9
   

Is the Head of the IMF a Sex Criminal?

 
 
firefly
 
  3  
Reply Mon 6 Jun, 2011 01:32 pm
@spendius,
Quote:
Can testimony on unsubstantiated evidence which has not been subjected to cross-examination be allowed? If such evidence is subject to cross-examination then fair enough.

All testimony given at trial--from both sides--is subject to cross-examination by the opposing attorney.
hawkeye10
 
  -1  
Reply Mon 6 Jun, 2011 01:34 pm
@BillRM,
BillRM wrote:

Hawkeye I been of the opinion for some time that when Firefly take some crazy position that she is just being dishonest in the service of her higher goals however from her last few posts I am no longer so sure.
I have long been of the opinion that Firefly tries to tamp down her radical views for the sake of gaining support, but I have no doubt but that her deep hostility to erotic freedom and to men exercising power is real. She constantly misrepresents her opinion as well as the facts, but read her for long enough and you can tell where her opinion really is. If you rely on Firefly for your facts then you are an idiot (and I know that you are not).
ehBeth
 
  2  
Reply Mon 6 Jun, 2011 01:40 pm
@spendius,
spendius wrote:

Quote:
If the defense hints that it is "out of character" for DSK to commit such an assault, they open the door to allowing testimony about past assaultive actions toward women.

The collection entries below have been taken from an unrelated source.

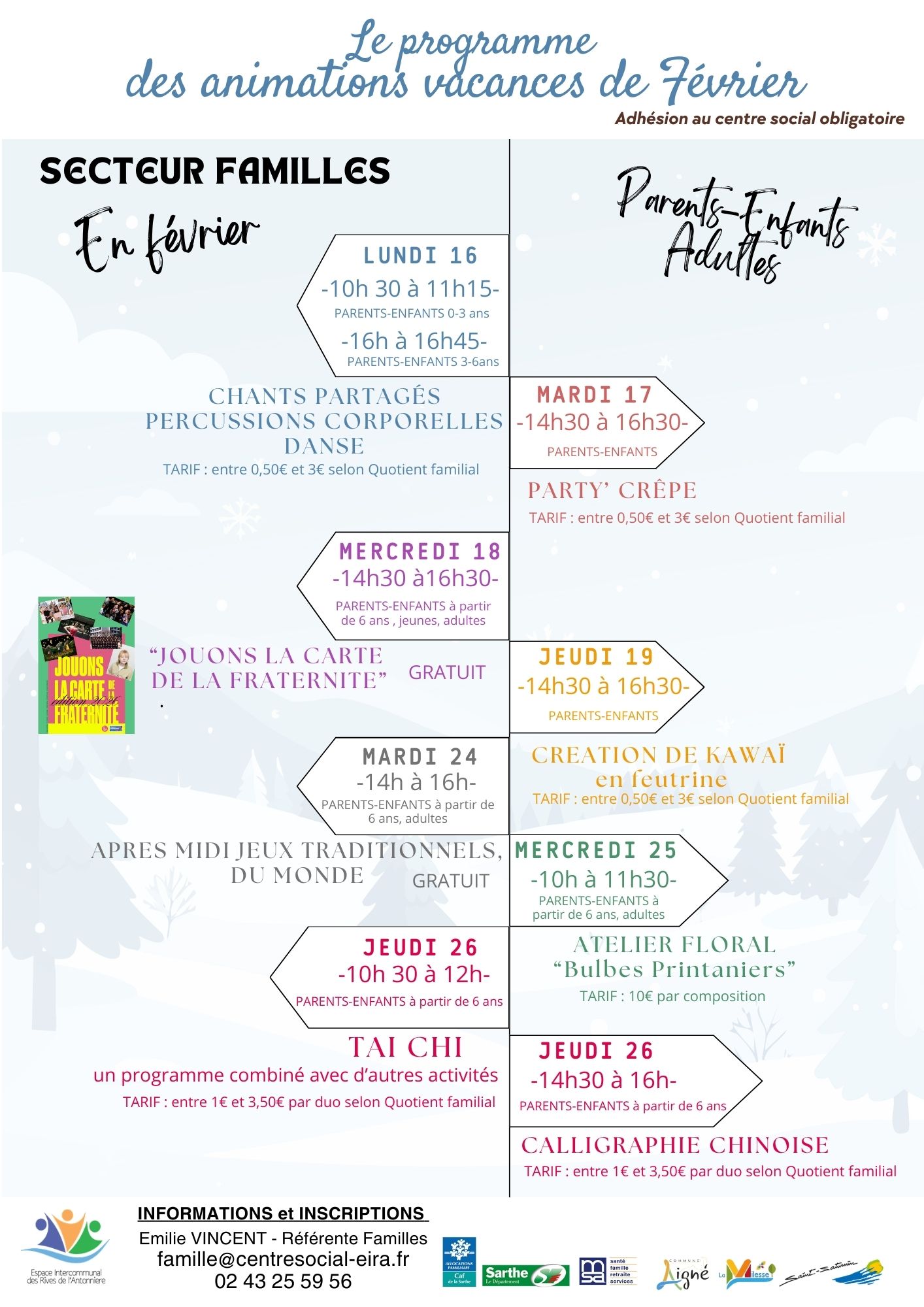 Programme des vacances de février au SECTEUR FAMILLES
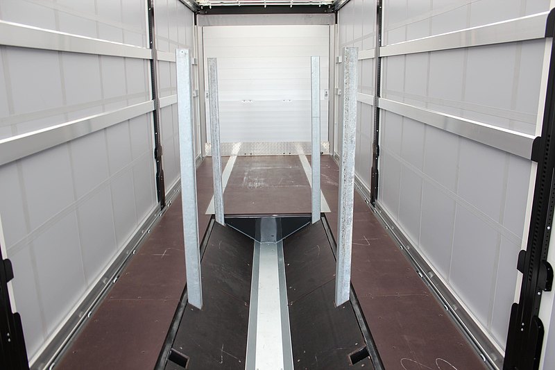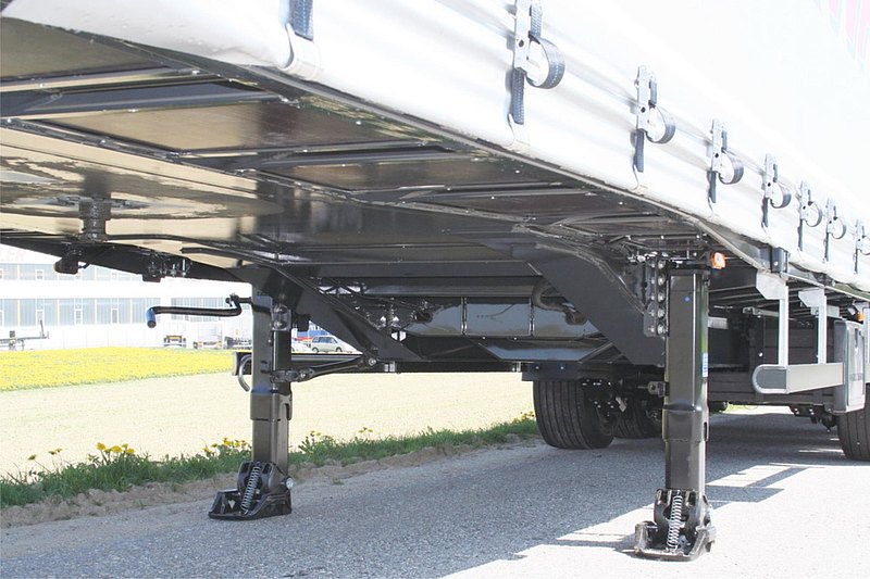 a2 pevné predné hliníkové rohové stĺpiky do výšky strechy, umiestnenej bočne vpredu, 3 stredné stĺpiky v smere jazdy vľavo, posuvné po celej dĺžke ložnej plochy, prevedenie stĺpikov pre Hubdach (zdvih strechy), 3 stredné stĺpiky v smere jazdy vpravo, posuvné po celej dĺžke ložnej plochy, prevedenie stĺpikov pre Hubdach (zdvih strechy). Na každej strane navyše 3 dodatočné zámky pre stĺpiky. 4 rady úchytov pre plachtové laty, prvý rad úplne dole cca 460 mm, s rozostupmi cca 160/600/600 mm, 4 rady hliníkových profilovaných plachtových dosiek 100/25 mm. Obojstranný hydraulický Hubdach s manuálnym ovládaním so zdvihom 400 mm, pre nakládku a vykládku zo strany (portálové dvere musia zostať otvorené). Strešná posuvná konštrukcia VERSUS s umelohmotným strmeňom, dopredu posuvná s prizdvihovacou automatikou = zhrnutá zostáva v nakladacím priestore, so zvislými a vodorovnými vodiacimi profilmi = bez vystupujúcich hrán. Po oboch stranách špeciálny hliníkový vodiaci profil pre pojazd plachty a stĺpikov. Konštrukčná výška 195 mm. Ovládacia tyč pre posuvnú strechu (držiak na bočnej ochrane z vnútornej strany).
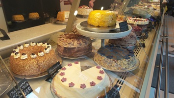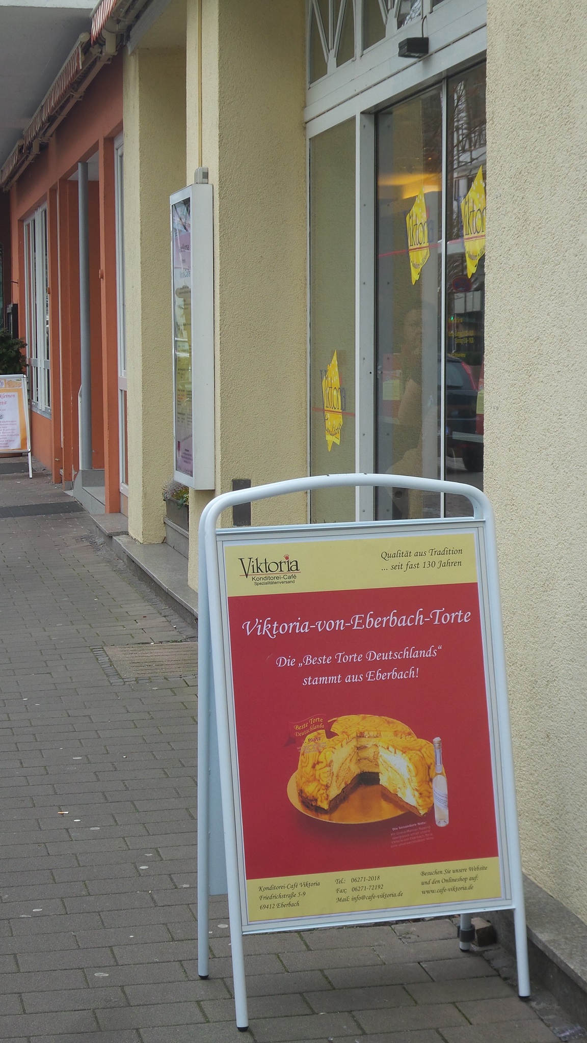 Erst in Eberbach halten wir an und machen noch einen Rundgang durch die Altstadt. In einer Konditorei gibt es die „weltbekannte“ Viktoria-Torte. Die kaufen wir wegen des darin vermutlich enthaltenen Alkohols aber nicht, sondern entscheiden uns für zwei leckere Stücke Käse-Sahne, die wir später in aller Ruhe bei einer Tasse Kaffee im Wohnmobil vertilgen.
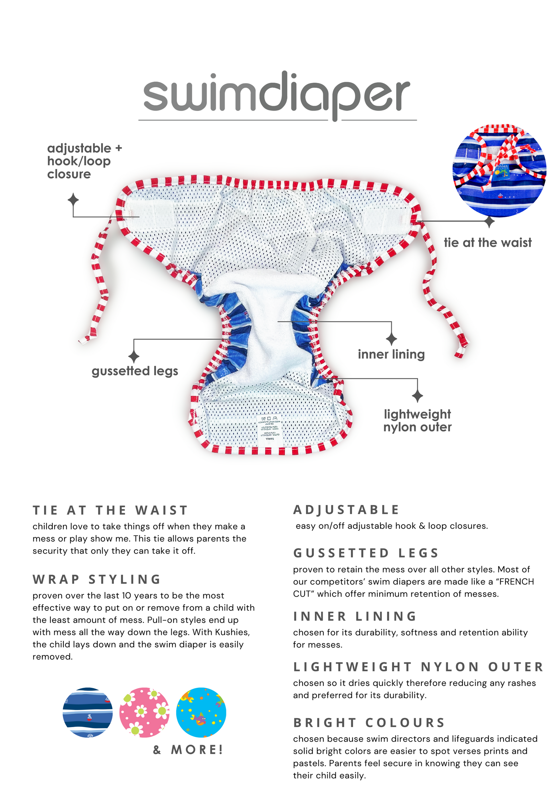 With quick drying nylon and a soft terry liner for comfort, the wrap style design makes it easy to change your little one while the adjustable waist with added ties ensures a secure fit every time.
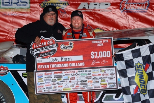 Key notes: Moran, the defending series champion who also won last year's Ocala opener, became Lucas Oil's first two-time winner of 2026. ... He won Friday at All-Tech Raceway in Ellisville, Fla., and now has 15 career Georgia-Florida Speedweeks victories. ... Moran has 24 career full-field Lucas Oil Series victories. ... Runner-up Brandon Sheppard led the first 13 laps. ... Third-place finisher Clay Harris, whose right-rear tire went flat just after the race, scored his third top-five of the year, doubling his career total on the series entering the season. ... Dan Ebert got into the wall with five laps remaining but gathered his car in just ahead of leader Devin Moran. ... Ocala continues Wednesday with another non-points event, the second of five Lucas Oil Series races this week. ... The feature took eight minutes with 16 cars on the lead lap (20 were running at the finish). ... Watch live on FloRacing.
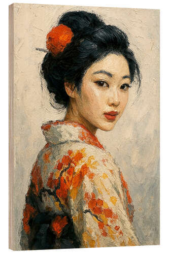 Holzbild Die japanische Geisha blickt über ihre Schulter
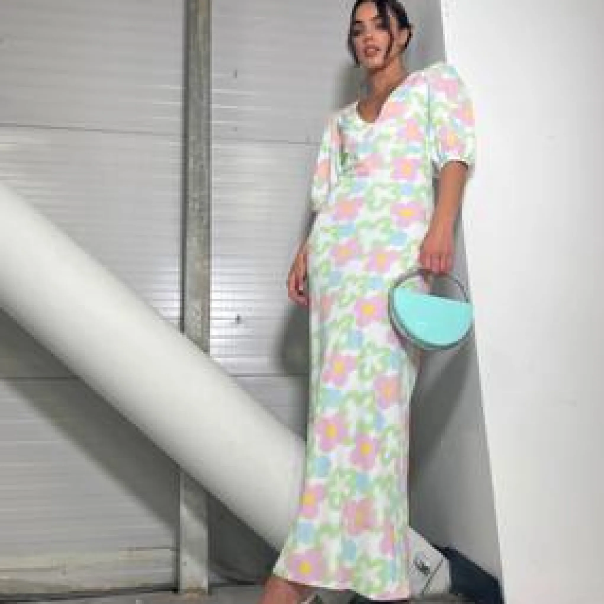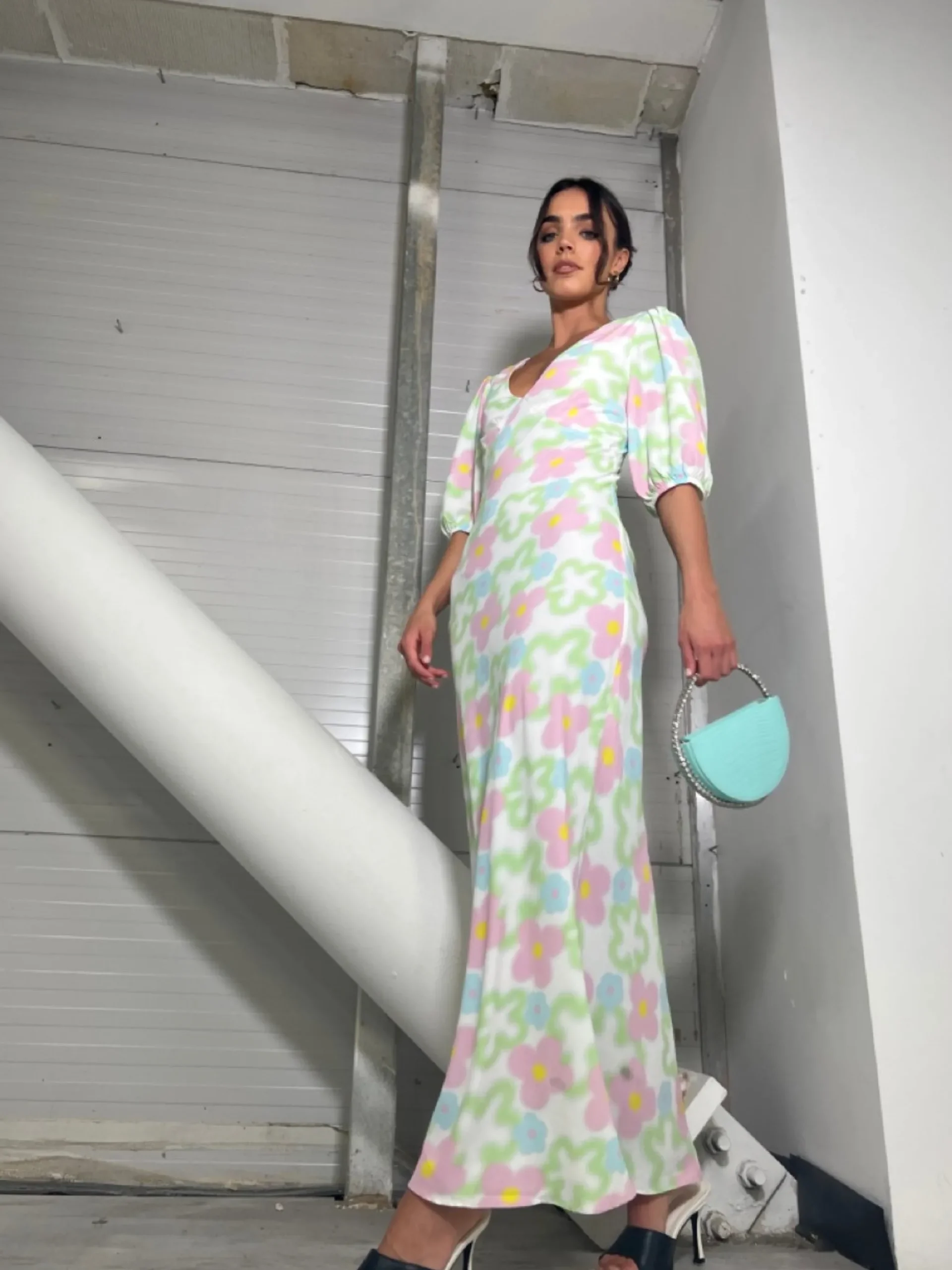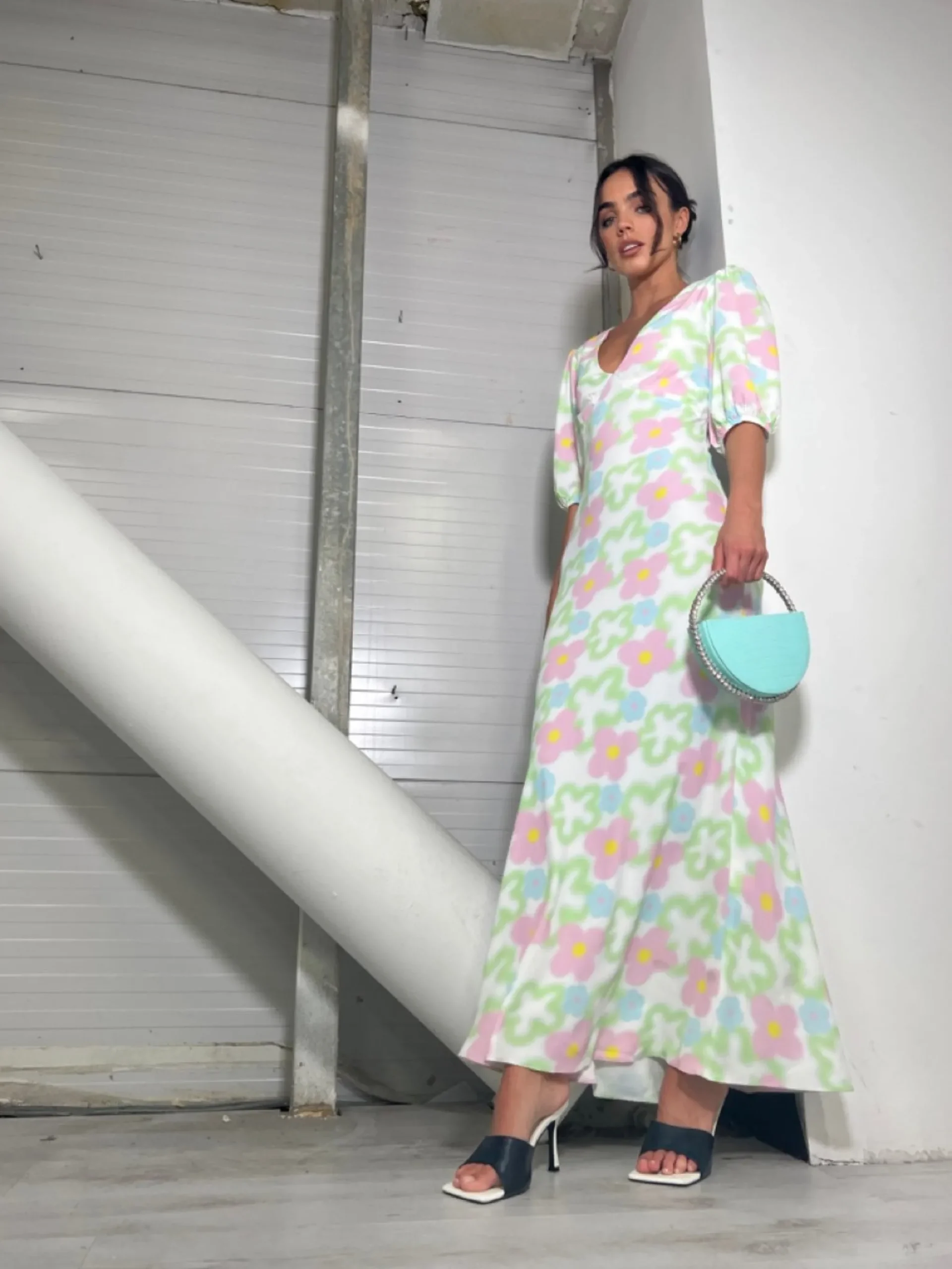 Glamorous Women’s Multi Blurred Floral Maxi Dress. Join our positive journey towards reducing the impact that fashion has on our planet with this sustainable maxi dress. Featuring puff sleeves with open back detail and a V-neckline in a gorgeous blurred floral print, we love this piece here at Glamorous! Elevate the look with some mule sandals and a cute strappy bag for an on-trend vibe.

Surely not if the allegations of past actions are unsubstantiated.


If the defense brings up his character, his wife has been wasting her money on their fees. Hopefully he's got a smart enough defense team to keep character out of play.
spendius
 
  0  
Reply Mon 6 Jun, 2011 01:42 pm
@firefly,
Quote:
Then they would not have charged him with violent felonies, because it would have been impossible for them to support those charges at trial.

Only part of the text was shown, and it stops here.